Before I could go any further I had to remove the old fence. Despite the bolts for the old fence rails being a little rusty, they came out fairly easily. I found however that the wings had bolts that had rounded heads that needed to come out as well, otherwise the angle irons for the new fence would not be able to sit flush to the TS. Out 9 of these bolts 1 came out easily. Using some WD-40 and slotting the bolt heads with the dremel, I was able to get 6 more out. The last two..... Well they were a bit stubborn. The picture speaks for itself as to what it took to get those suckers out. (Fear not, none of theses tools were used anywhere near the cast iron table.... yet) :fie:


----------



## MikeMa (Jul 27, 2006)

*Part 3 - Planning*

So, if this had been a Delta table saw, this fence would have very easily bolted up to the saw. However, since the saw is a Craftsman, none of the holes in the saw lined up with the holes in the angle iron. I could potentially use the closest matching hole, but the tape measure would be about an inch off. So I need to drill some holes. But before I do that, I need to figure out where. First thing I did was put the blade up so that it was taller than the new fence, and then placed the fence right against the blade. Looking at the indicator line on the fence told me where there rail needed to line up so zero would be reasonably accure. I marked that on the saw using a red china pen. I then attached the tube rail to the angle as it would be on the final installation, and the lined up zero on tape measure. Using my combo square, I used my red china pen to mark where I needed to drill.


----------



## MikeMa (Jul 27, 2006)

*Part 4 - Drill baby drill!*

So in much of the research I had done, most folks used a drill press to drill the new holes into the angle iron, thus revoking the warranty of the fence. My plan was to do this as well. I did test the functional parts of the fence to make sure it clamped down, and inspected every part to make sure I wouldn't be burned by not having the warranty. I quickly discovered that my small bench top drill press was not up to the task of safely drilling the holes, plus I was risking damaging the angle iron.

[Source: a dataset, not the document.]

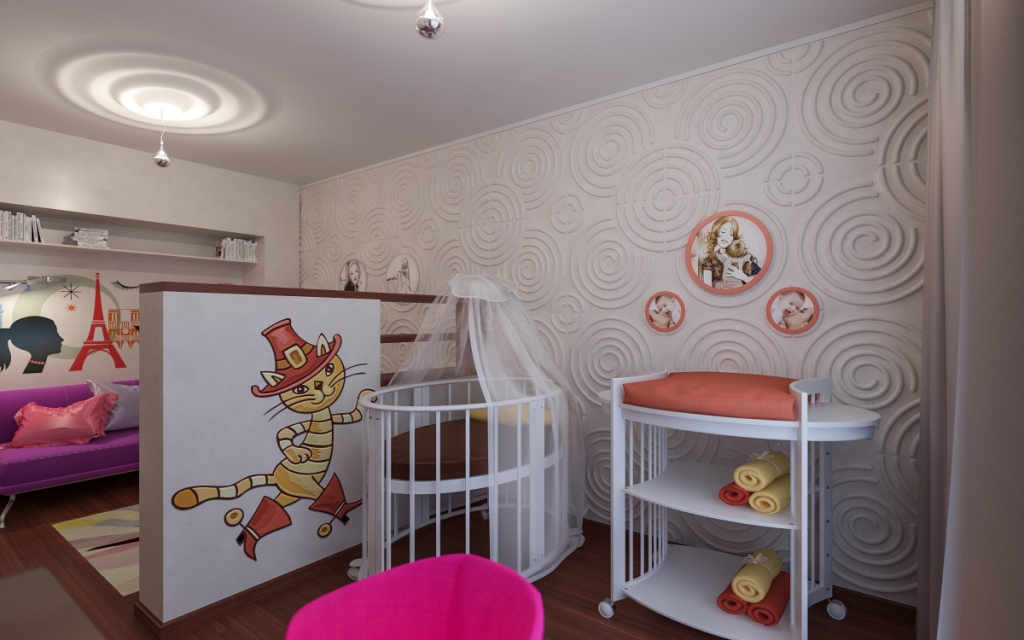 Part of the hall, which acts as a bedroom, can be fenced with built-in wardrobes with mirrors or racks with multiple shelves facing the children's area. They will house books and toys, stationery and other small items.

After thinking through and remember that the table saw itself hasn't been under warrenty in over 20 years, and I can easily replace it via another craigslist purchase should I damage it beyond repair for less than the fence itself, I made the decision to drill through the approximately 1/4" thick cast iron. While I did not come to this decision lightly, I figured I could use a jig to more accurately and more safely get the holes I needed. The other benefit was I was able to use the specialized screws that came with the fence for a more solid fit. I made a drilling guide using a scrap piece of hardwood. The width was about 1.5" close to the width of the front of the saw. I marked as best I could where the hole should be on the guide, and drilled the guide hole using the drill press. From there I used trial and error until I was able to drill a hole that I could stick a bolt through to a whole in the saw, and the tops would be flush. You can see in the picture where I marked the successfull one. I then lined up the hole to the red mark on the table and clamped it down good and tight.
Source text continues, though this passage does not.